Migrant Workers Find Work but No Welcome

EUROPE DEBATES RIGHTS

CONSTRUCTION season has started again in Switzerland, and with it came this year's first wave of migrant workers.

Each year several hundred thousand workers, mostly from the poorer nations of the European Union, wend their way here seeking jobs in the construction, agriculture and hotel industries.

While these workers take on jobs often described as the "three D's" - dirty, difficult, and dangerous - they find little welcome here. Switzerland has some of the world's most restrictive legislation for migrant workers.

"The Swiss have allowed these workers not because they love foreigners but because they need the foreigners," says Pascal Reale, head of the Wood and Building trade union in Geneva. "No Swiss wanted to do that work."

In 1993, close to 1 million foreigners were employed in Switzerland, according to the Bureau of Foreign Affairs. Today, 60 percent of those work in construction, according to the International Labor Organization here.

But now Germany receives the most Eastern European migrants and is steadily replacing Switzerland as the destination of choice for construction workers from poorer EU countries, such as Ireland, Portugal, and Britain, says Roger Bohning, chief of migration at the ILO.

Yet there are few rewards to being a migrant worker in Switzerland or elsewhere in Europe. In Switzerland, for example, most migrant workers aren't allowed to bring their families here until they can prove that they have enough money and space.

Workers are assigned to an employer and can't change jobs unless of a medical emergency. Britain, Germany, and Sweden also have assigned work systems. In the early 1990s, the majority of new construction workers from Eastern Europe came into Germany as "project-bound contractees." In 1992, the German construction trade union estimated there were 500,000 of these workers.

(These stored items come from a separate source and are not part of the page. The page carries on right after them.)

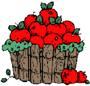
National Apple Month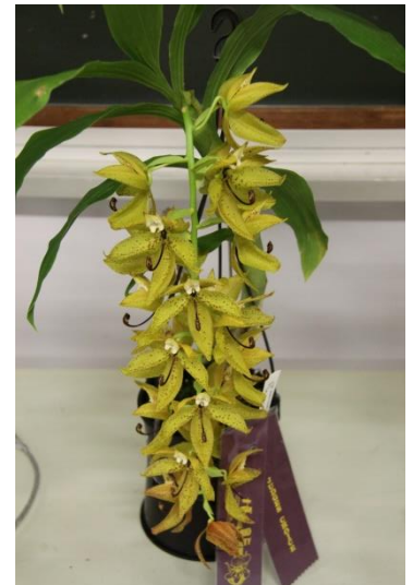
Cyc. Arita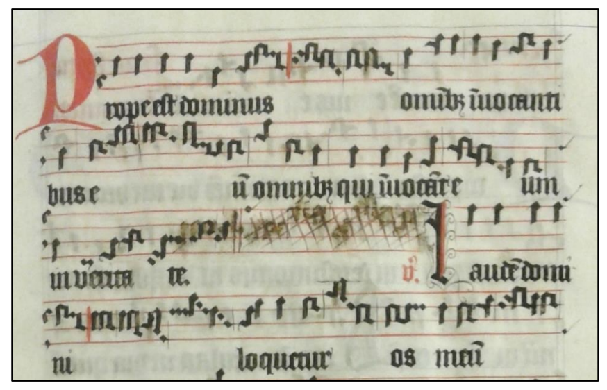
Figure 1. LEIDEN UNIVERSITY LIBRARY BPL 3683, detail of fol. XIr.

Like many others, St Agnes' manuscripts were scattered or destroyed in those turbulent times, but this particular book survived, and eventually found repose at Leiden's University Library. There, in an atmosphere not unlike that of the former monastery, one can simultaneously admire the dedicated work of its first author and be horrified at the crude alterations of the unknown scribe.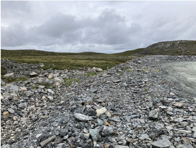
Photograph H2-13 Diversion Ditch and its Sediment and Erosion Protection Structure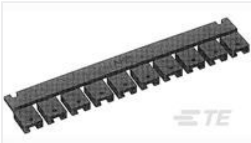
TE Part #531230-3 SHUNT, .200 C/L, LP, 2 POS 30AU

Being a migrant worker differs little from indentured servitude, says Jean-Louis Streckheison, secretary of a Geneva-based agricultural union, adding that the system leaves virtually no way out and up. "It's manual, and poorly paid," says Mr. Streckheison. "Most of these workers are between 25 and 40 when they come. They give all their youth to this."

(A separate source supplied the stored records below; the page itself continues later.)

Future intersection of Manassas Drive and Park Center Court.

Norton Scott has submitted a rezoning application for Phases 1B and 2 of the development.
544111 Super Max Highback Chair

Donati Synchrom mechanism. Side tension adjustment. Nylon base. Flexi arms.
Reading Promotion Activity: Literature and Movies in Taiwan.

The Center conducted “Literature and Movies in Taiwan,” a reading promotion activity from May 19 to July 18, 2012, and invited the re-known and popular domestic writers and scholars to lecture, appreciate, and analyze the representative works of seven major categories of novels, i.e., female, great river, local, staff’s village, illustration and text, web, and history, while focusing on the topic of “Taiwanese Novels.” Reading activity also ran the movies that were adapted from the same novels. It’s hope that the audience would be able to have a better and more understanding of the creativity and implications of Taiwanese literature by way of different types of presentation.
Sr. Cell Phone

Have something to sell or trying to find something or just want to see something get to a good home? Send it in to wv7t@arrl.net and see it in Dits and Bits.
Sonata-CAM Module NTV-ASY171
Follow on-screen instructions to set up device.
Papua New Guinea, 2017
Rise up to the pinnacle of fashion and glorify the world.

These different laws have prompted several nations and organizations to push for nations to ratify the 1990 International Convention on the Protection of the Rights of All Migrant Workers and Their Families. The treaty won't come into force until 20 nations ratify it. And as of now, the three leading economies of the world, the US, Germany and Japan, are unlikely to agree to its conditions.

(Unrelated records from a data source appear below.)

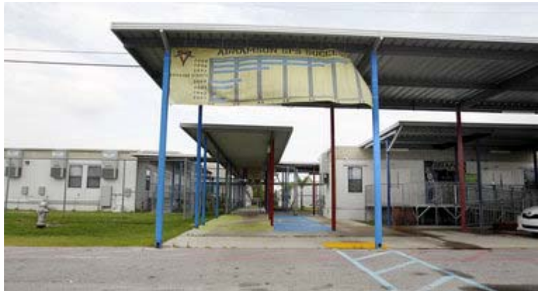
View full size

Though Abramson advertises a special focus on science and technology, state officials found lab materials "still boxed, with most of the instruments still packed and sealed" after two years sitting at the school.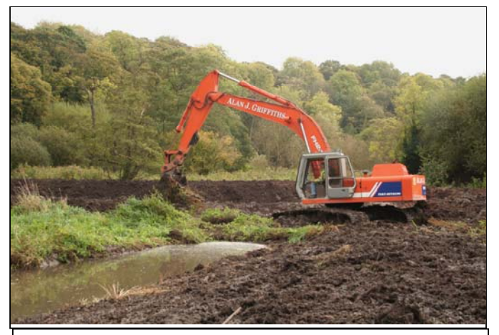
Excavator digging out pools. The dug material raising the banks for water vole burrows

The Pest Control Officers finished off the volunteer conservation task days here splendidly. The plants were dispatched and rehoused by them close to the new pools within days of the contractors job finishing. Result !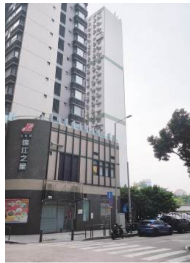
This photo taken yesterday shows the Jin Jiang Inn, with its adjacent plot earmarked for a new hotel project (right).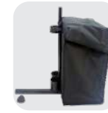
Rear Shopping Bag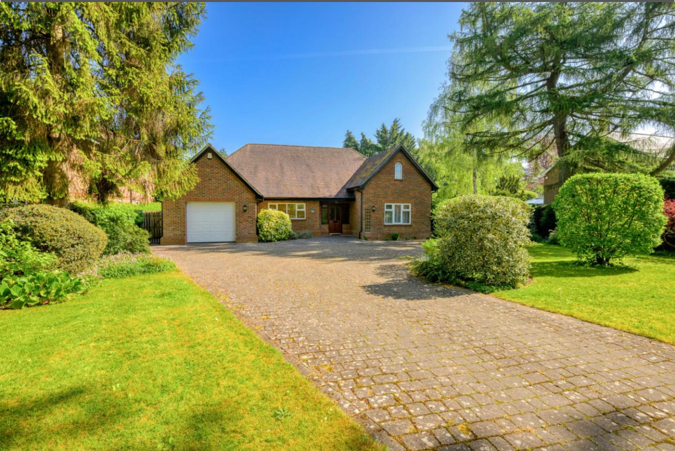
56 St Peter`s Avenue, Caversham Heights, Reading, RG4 7DH Price £1,150,000 Freehold

10 Bridge Street, Caversham, Reading RG4 8AA t 0118 946 1140 e sales@masonsestateagents.com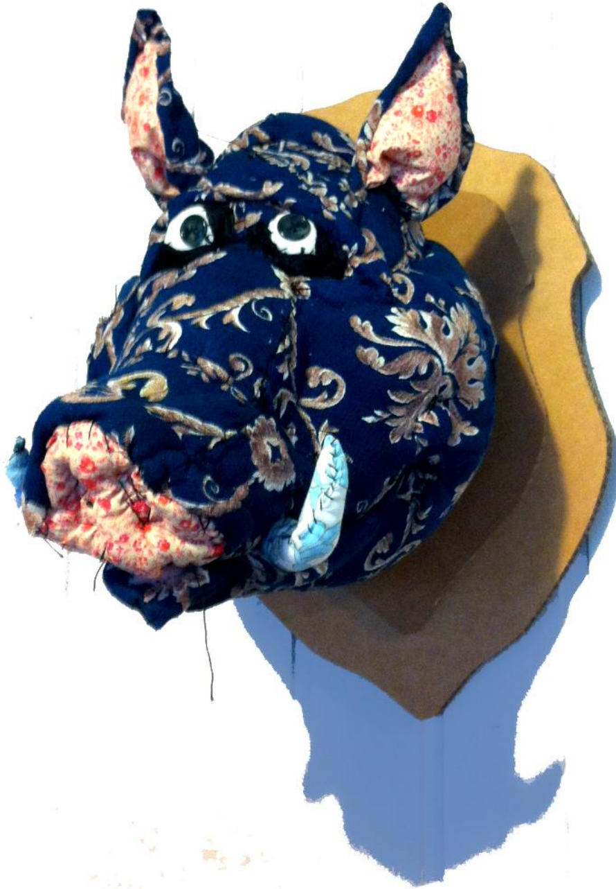
Wild, the Boar – Animal Trophy

Various fabrics, mattress, sheets, wadding, cardboard, buttons & trimming Approx 20" x 20" x 10" / 50 x 50 x 25 cm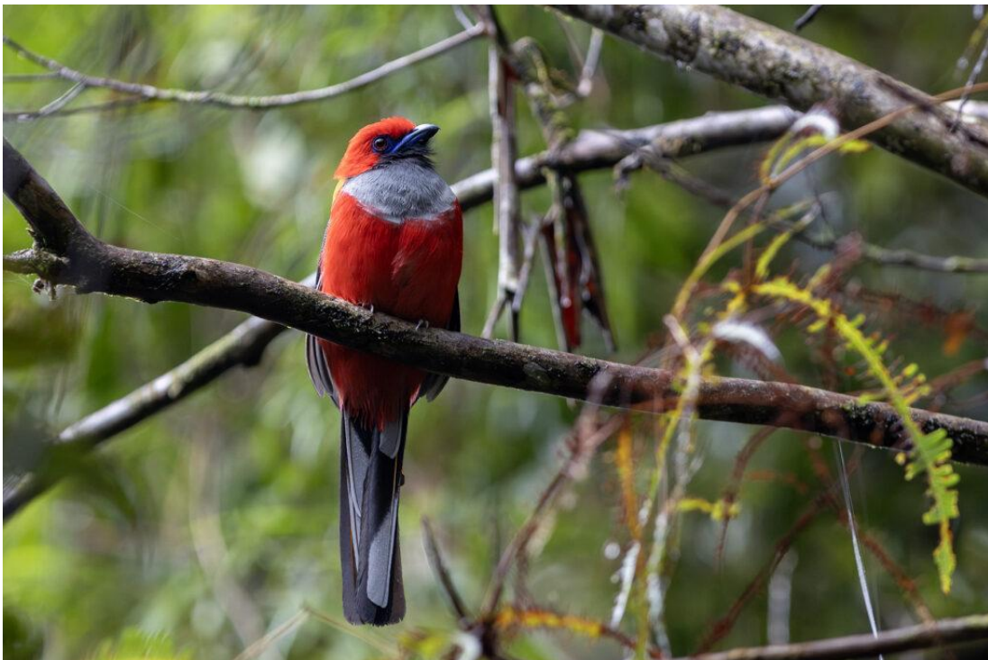
male Whitehead's Trogon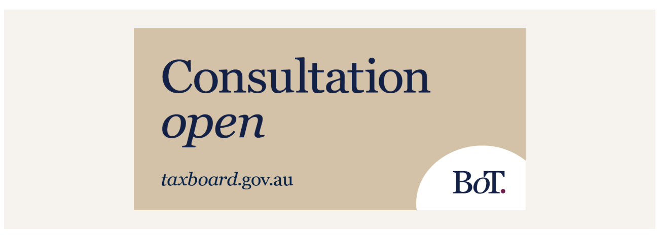
Image: a graphic for a Consultation open announcement for the Board of Taxation.

During the course of a review the Board will canvass stakeholder views to inform its work. Upon commencement, the Board publishes a consultation paper seeking feedback from a broad cross section of stakeholders to help inform its views on the particular terms of reference. Consultation papers are published on the Board's website and promoted through the Board's social media platforms, LinkedIn and X. The Board seeks feedback through written submissions as well as through roundtable meetings, which are open to all interested stakeholders.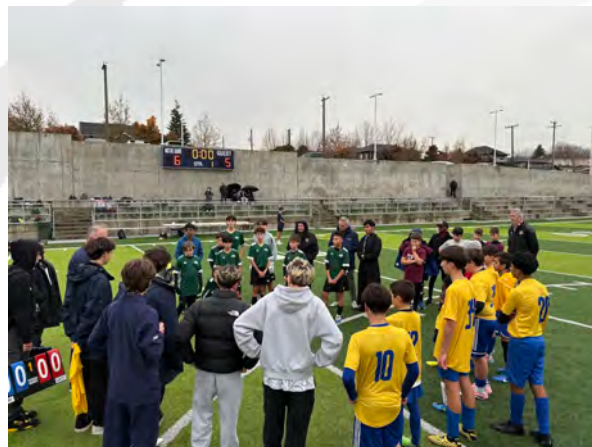
Sr. Boys Soccer @ ND for the Juggler Cup

"They have the perception that granting rights to migrant workers will make more come," says Patrick Taran, of the World Council of Churches here. "It's a little difficult to see Western countries champion human rights and then not uphold rights for groups that aren't convenient to them."

In the past five years, more-restrictive policies against migrant workers have been implemented around the world, says Mr. Taran.

And while some may balk at the system of assigning employers, it's not uncommon. "You need to look into history to understand the situation here," Bohning explains. "Switzerland was the only European country to survive the war intact. Swiss industry was there, but there was a shortage of people, so they brought in Italians by the tens of thousands."

But the tide may be turning in some countries against letting migrant workers in at all. With unemployment in Switzerland at 4.5 percent - quite high by Swiss standards - some employers feel it's time to hire on the home front.

"I've had to turn the faucet off on seasonal and migrant workers," says Roger Maillart, head of the Society for Swiss Entrepreneurs, a Geneva-based group of managers. "I have to give priority to Swiss workers."

Yet the perception that migrants are taking jobs is misplaced, said Jeffrey Sachs, professor of international trade at Harvard University in Cambridge, Mass., in an interview. Most unemployment in Western countries comes because of economic restructuring and because many jobs can be performed by machines.